* _Task to carry out_
Return each line of the listing that contains the string "století".

Information supplied START

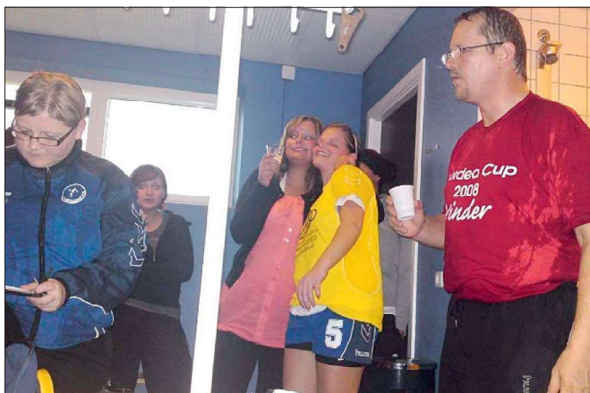
Oprykning til serie 1 damer.
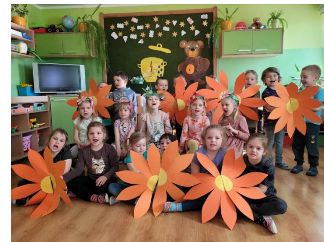
Powitanie wiosny w grupie drugiej

„Najpiękniejszą wiosną jest dobroć serca”. Nikolaus Lenau
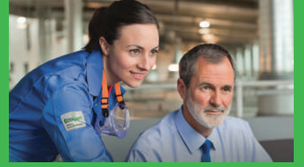
EcoXpert partner programını keşfedin
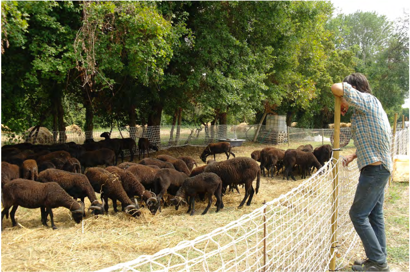
L'angolo della pastorizia transumante ricreato a Bastia: la posa della rete durante la sosta del gregge, 2019
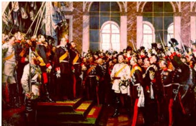
Tyska kejsardömet utropas i spegelsalen i Versailles utanför Paris 1871.

Skottland, Estland och Kurdistan kan också ses som länder. Begreppet land kan syfta på en stat, men också endast på ett geografiskt område. Est-
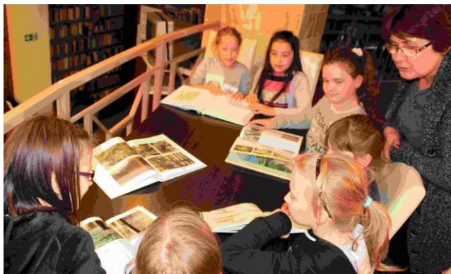
2017.10.06. Kalandozások a mondák világában 25 fő
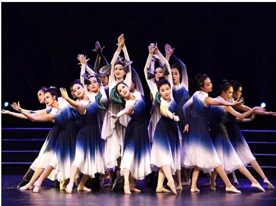
图 4 湖北省第十三届黄鹤美育节评选结果揭晓，我校舞蹈《逐豚江上立》获一等奖
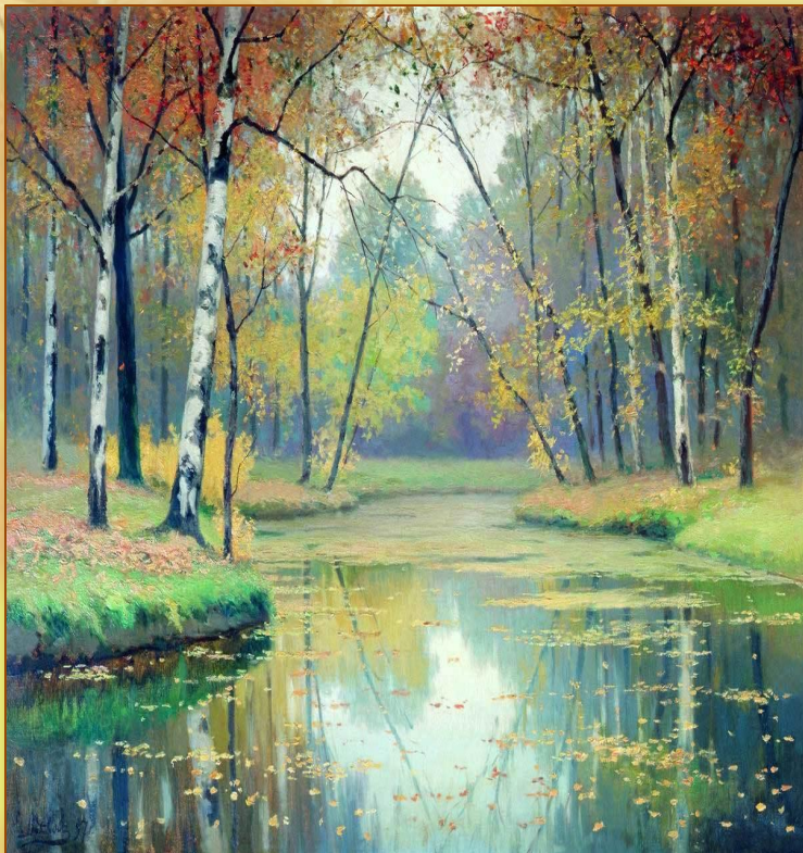
Ефим Волков «Осень»

Унылая пора! Очей очарованье! Приятна мне твоя прощальная краса — Люблю я пышное природы увяданье, В багрец и в золото одетые леса, В их сенях ветра шум и свежее дыханье, И мглой волнистою покрыты небеса, И редкий солнца луч, и первые морозы, И отдалённые седой зимы угрозы. И с каждой осенью я расцветаю вновь; Здоровью моему полезен русской холод; К привычкам бытия вновь чувствую любовь: Чредой слетает сон, чредой находит голод; Легко и радостно играет в сердце кровь, Желания кипят — я снова счастлив, молод, Я снова жизни полн — таков мой организм (Извольте мне простить ненужный прозаизм).
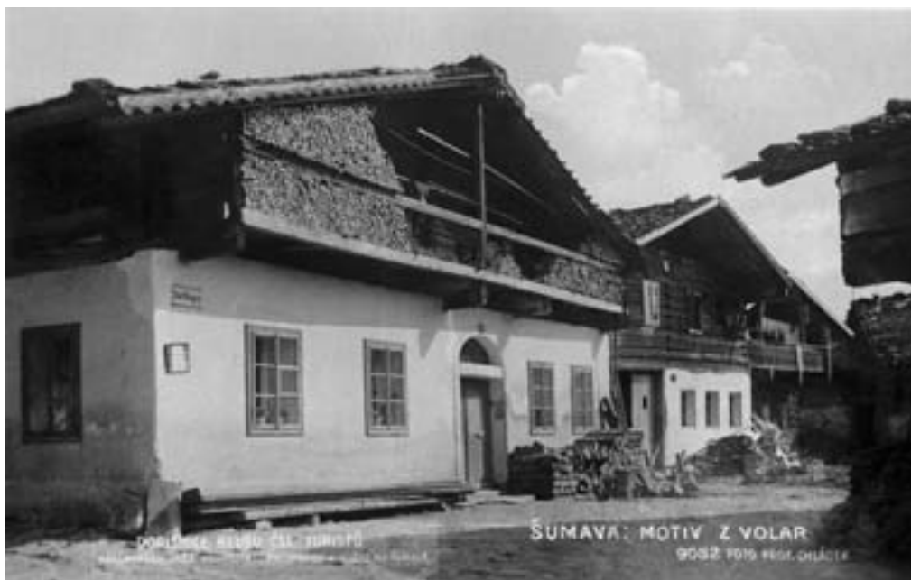
Volary, osada založená na přelomu 13. a 14. století u Zlaté stezky z Pasova do Prachatic

místních jmen, z nichž některá vznikla právě v době knížecích Čech. Za nejstarší osady se považují obvykle ty, jejichž označení končí příponou –ice či –ici, dále pak vesnice, v jejichž názvu se objevuje slovo Újezd. Ty považuje teorie za lokality předkolonizační. Ve 13. století se pak v souvislosti se středověkou kolonizací a změnou právního postavení rolníků objevují spíše názvy s příponou –ov a ve složených jménech je často označení Lhota (lhůta – typická investiční pobídka ve středověku, znamenala dobu, po kterou se odpouštěly kolonistům daně a další poplatky).
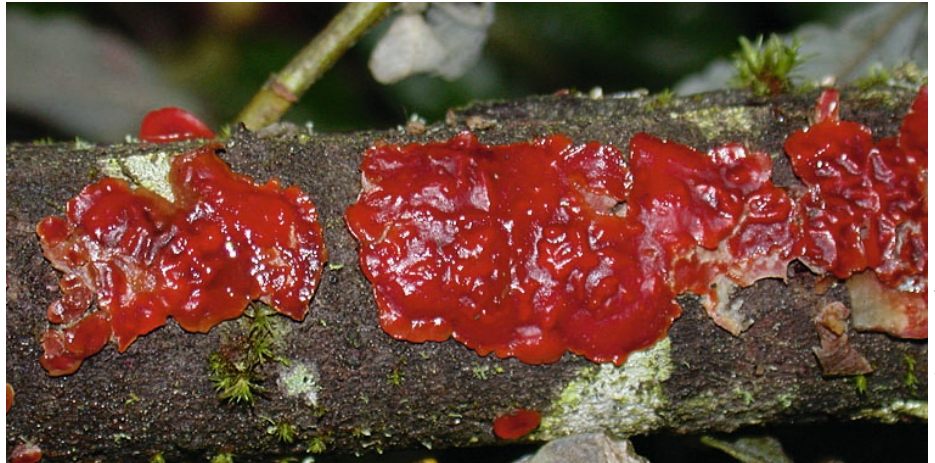
Der Blutrote Weiden-Lackpilz ( Cytidia salicina ) wächst ausschliesslich an Weiden – oft an alten und kränkelnden – bevorzugt an luftfeuchten Wald-, Bach- und Teichrändern.

Beim jetzigen Stand des Wissens lässt sich sagen, dass das Angebot von totem Fichten- und Buchenholz in der Schweiz von einer grossen Anzahl Pilzen genutzt wird. Für Pilze, welche diese beiden Holzarten abbauen, besteht ein grosses

Information supplied END

* _Expected answer_
Volary, osada založená na přelomu 13. a 14. století u Zlaté stezky z Pasova do Prachatic
místních jmen, z nichž některá vznikla právě v době knížecích Čech. Za nejstarší osady se považují obvykle ty, jejichž označení končí příponou –ice či –ici, dále pak vesnice, v jejichž názvu se objevuje slovo Újezd. Ty považuje teorie za lokality předkolonizační. Ve 13. století se pak v souvislosti se středověkou kolonizací a změnou právního postavení rolníků objevují spíše názvy s příponou –ov a ve složených jménech je často označení Lhota (lhůta – typická investiční pobídka ve středověku, znamenala dobu, po kterou se odpouštěly kolonistům daně a další poplatky).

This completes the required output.